Exercise materials –
● ● ●
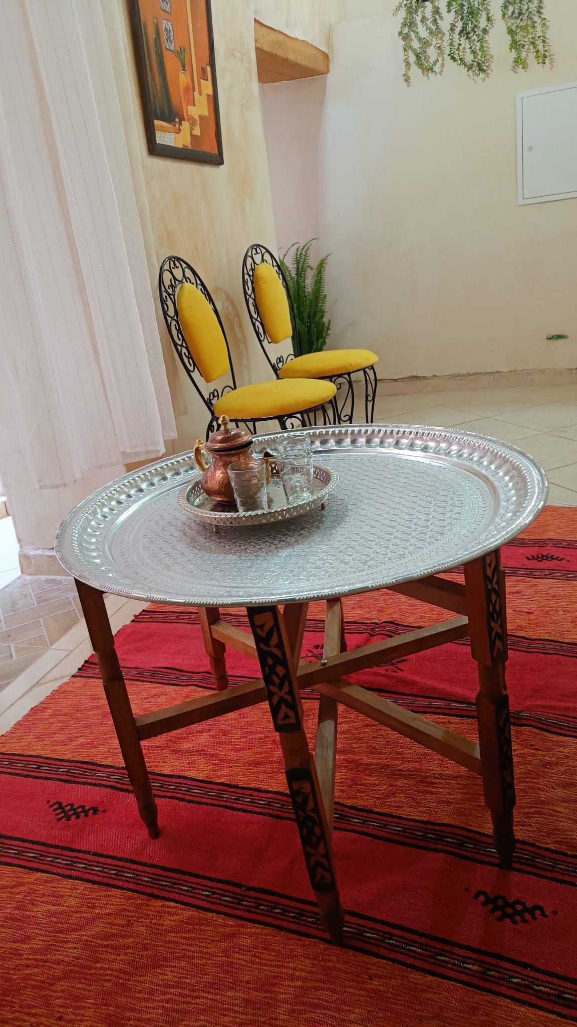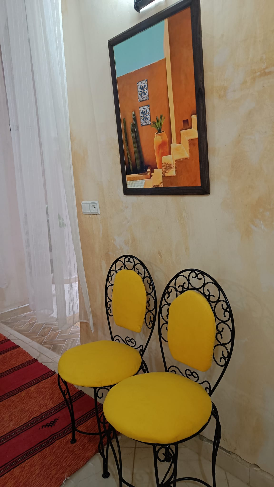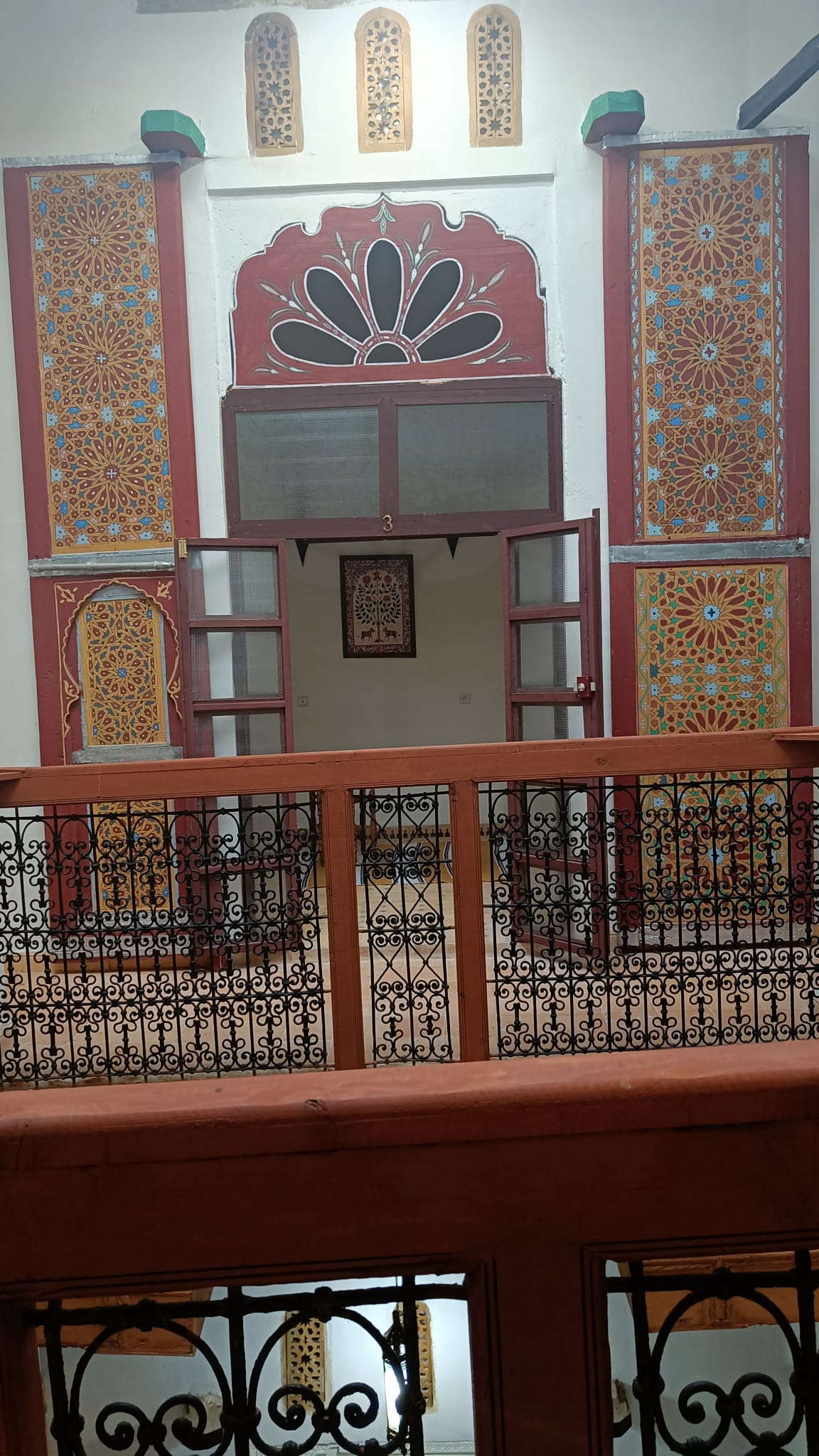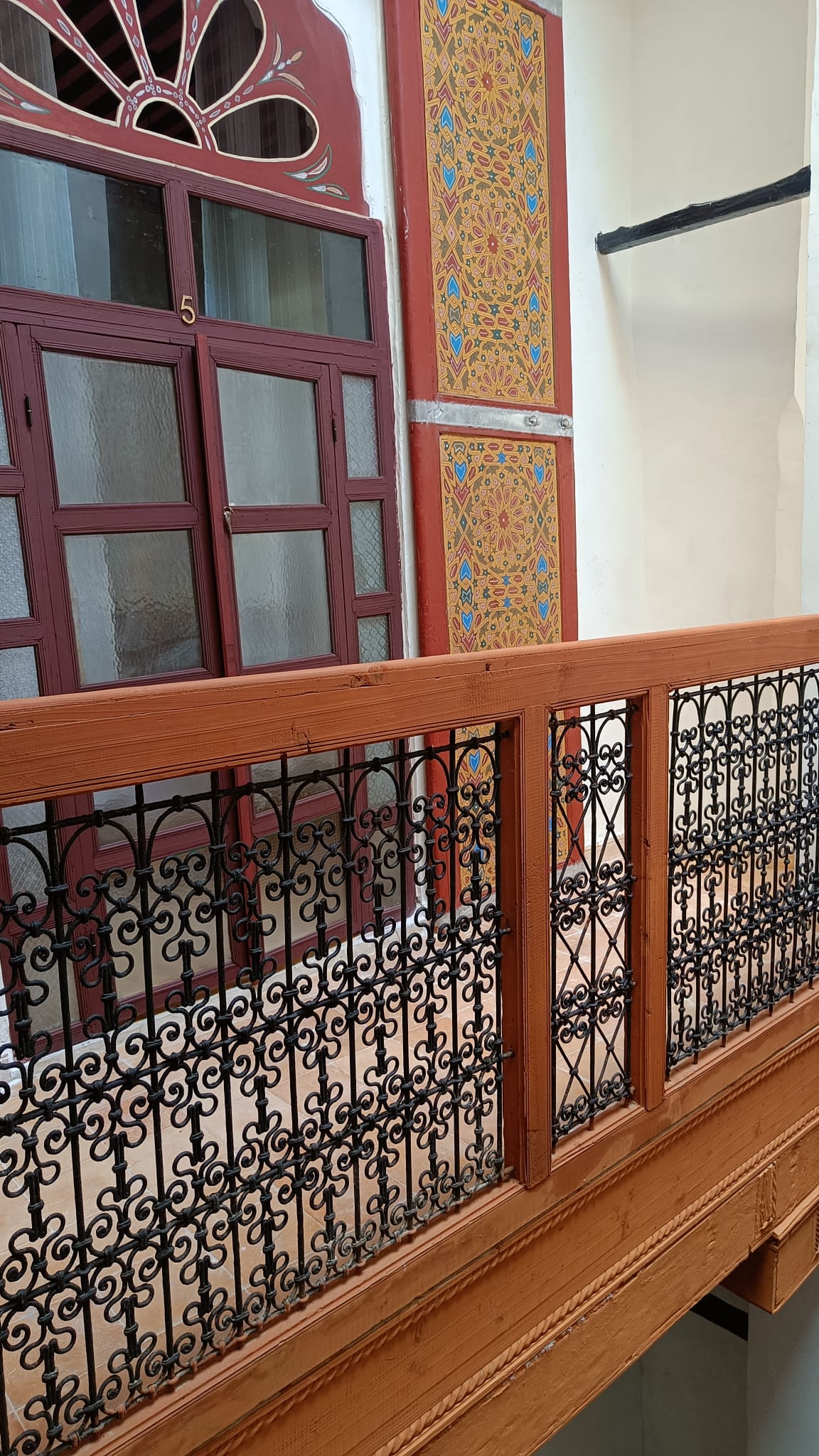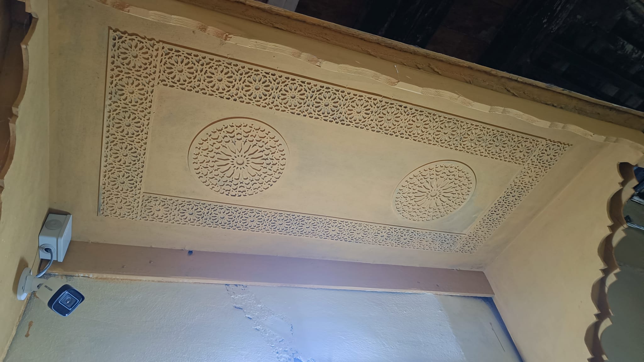 الطابق الأرضي: فناء، صالون، مطبخ، حمام
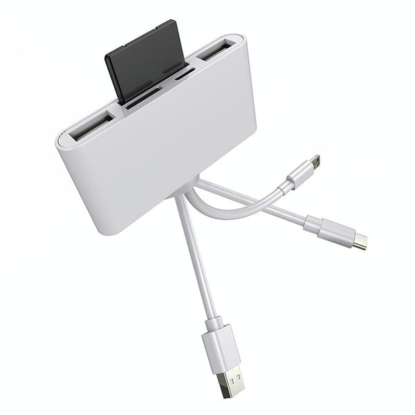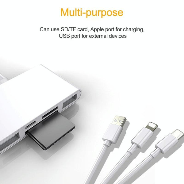 NK-1032 Pro 5 in 1 8 Pin + Type-C / USB-C + USB + TF Card + SD Card Multi-function Camera Reader Adapter
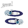 Komplet dwóch spinek do włosów z brokatowymi wielorybami Verle holenderskiej marki Souza! Na każdej z nich znajduje się brokatowa aplikacja – jasnoniebieski wieloryb. Metalowa część obciągnięta jest wokół granatowym materiałem. Zaciski na klik sprawiają, że ozdoby stabilnie trzymają się włosów. Idealne zarówno na przyjęcia, jak i na co dzień. Nadają się także na prezent.
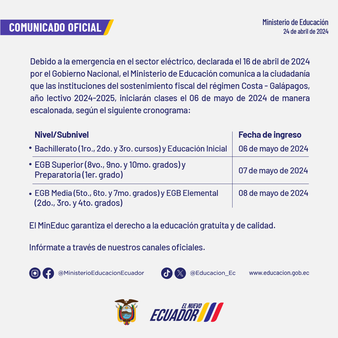 29 abril 2024 Ministerio de Educación comunica a la ciudadanía que las instituciones educativas fiscales del régimen Costa – Galápagos, año lectivo 2024-2025, iniciarán clases el 6 de mayo de 2024, de manera escalonada. |By Administrador Vision|0 Comment|Nacionales | Share Post Gobierno asigna fondos para restablecer 37 nuevas unidades de generación eléctrica COMUNICADO MINISTERIO DE INCLUSIÓN ECONÓMICA Y SOCIAL About Post Author Administrador Vision Leave a Reply Cancel ReplyYou must be logged in to post a comment.
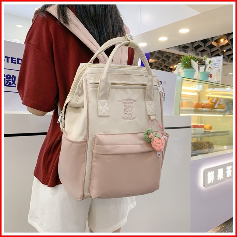 Stroberi Gratis Lucu Tas Sekolah Korean Style Tas Ransel Wanita Backpack Remaja Anak Korea Fashion Tas Laptop Wanita
● ● ●
What you need to do –
Your reply should consist solely of the lines above, from the opening line through the line with "NK-1032 Pro 5", reproduced exactly and without pictures.

Solution to the problem –
 الطابق الأرضي: فناء، صالون، مطبخ، حمام
 NK-1032 Pro 5 in 1 8 Pin + Type-C / USB-C + USB + TF Card + SD Card Multi-function Camera Reader Adapter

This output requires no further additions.